We were the last generation who would knock on a friend's door to ask if they wanted to ride bikes together.

Now, depending on where you lived and how quickly your family adopted new technology, you might not have had an Internet connection until the early or even mid 2000s. Or maybe you had one, but rarely used it. These "late bloomers" could make someone born in 1995 identify more with Gen Z than with Millennials.

Where is the author getting the age ranges??

"Currently aged 16 to 25, we are forced to be grouped into this almost derogatory term, “Millennial”

Um excuse me but last time I checked someone who is 16 is not a millennial, bus instead gen z

The article was written 5 years ago.
"We are incredibly young, and yet possess the nostalgia of an old man." I always felt that way about myself but never really put it in the context of my generation. I wonder how true that actually is for "90's kids" at large.

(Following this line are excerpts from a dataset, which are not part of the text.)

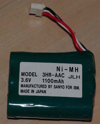 - Batteripacken tillverkades av IBM's utsökta NiMh-batterier av märket Sanyo som gjort tjänst i 3 år som cachebatterier. Sen byts de ut ovillkorligt. P/N 44L0313 och 1100 mAh som räcker för minst en timmes flygning. De verkar aldrig ge upp. Det som står utanpå går också i med några procents differens. Hur många gånger man än laddar. En tank = 250-275 mAh, konstant.
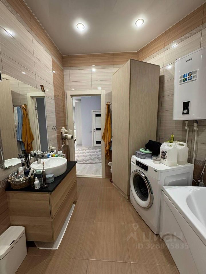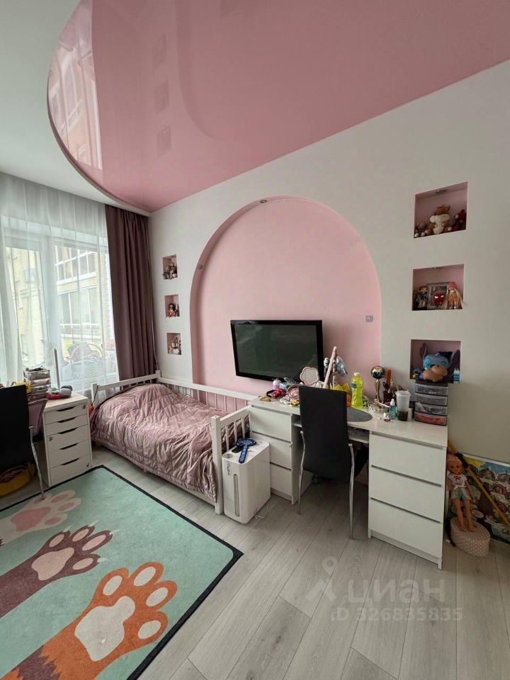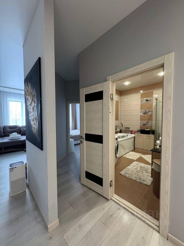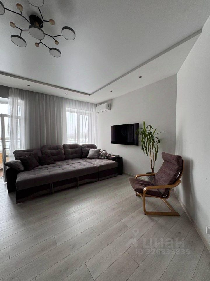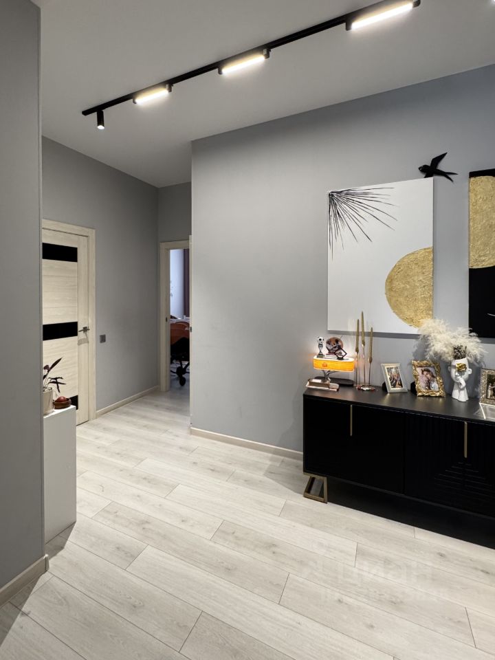В квартире остаётся встроенный кухонный гарнитур с бытовой техникой, шкафы-купе, диван в гостиной.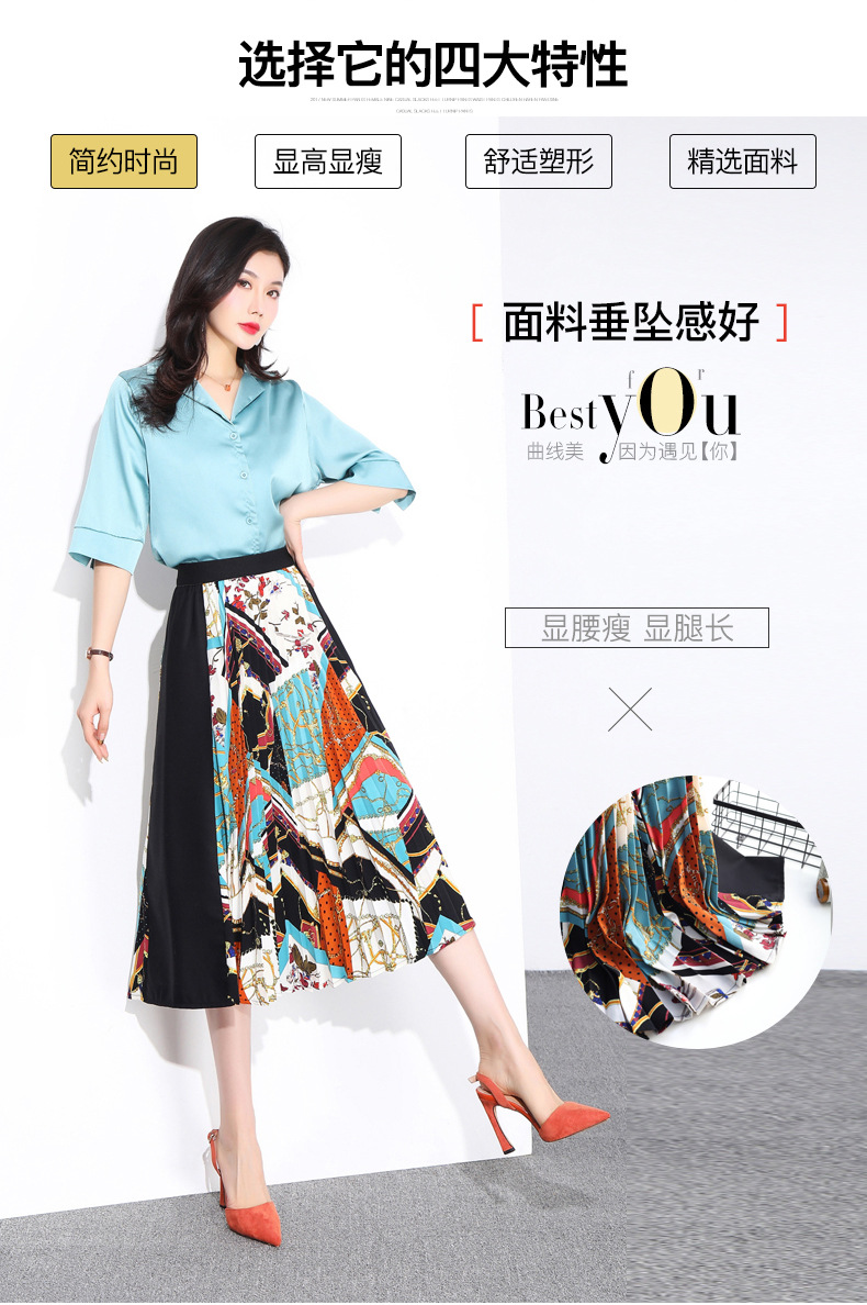2020春季新款復(fù)古印花a字裙中長款顯瘦百褶裙松緊腰裙子大擺長裙

https://www.reddit.com/r/nostalgia/top/?t=all

Maybe 90's kids are just at some generational maximum of "tendency to nostalge" * "inclination to post about it on the web".
I think it's really only the dullest minds that latch on to this kind of stuff.

If a random person on the internet making broad generalizations about the millions of people in your "generation" feels important to you personally, you need to assess your life priorities.

Sorry, are you trying to contribute something meaningful to this discussion? It sounds like you're just here to disparage the author.
First World Trade Center bombing was feb 1993, not 1994 as stated in this article.
I don't read much in this piece that can't be claimed in a similar form by prior generations. Boomers were also hated, especially "hippie" boomers, and also grew up on a hugely transformational media -- television. Gen-X was hated as eternal slackers and sarcastic do-nothings who also grew up on early forms the internet.

Millennials are also "hated" in these ways, also based on stereotypes and media portrayals. Really it isn't the age range people "hate", it's the lifestyle of a particular urban millennial with a particular life goals. When this generation is mocked, it usually isn't directed toward the guy born in 1990 in a small Midwest town who decided to hang sheetrock right after school, even though he falls squarely in this generation.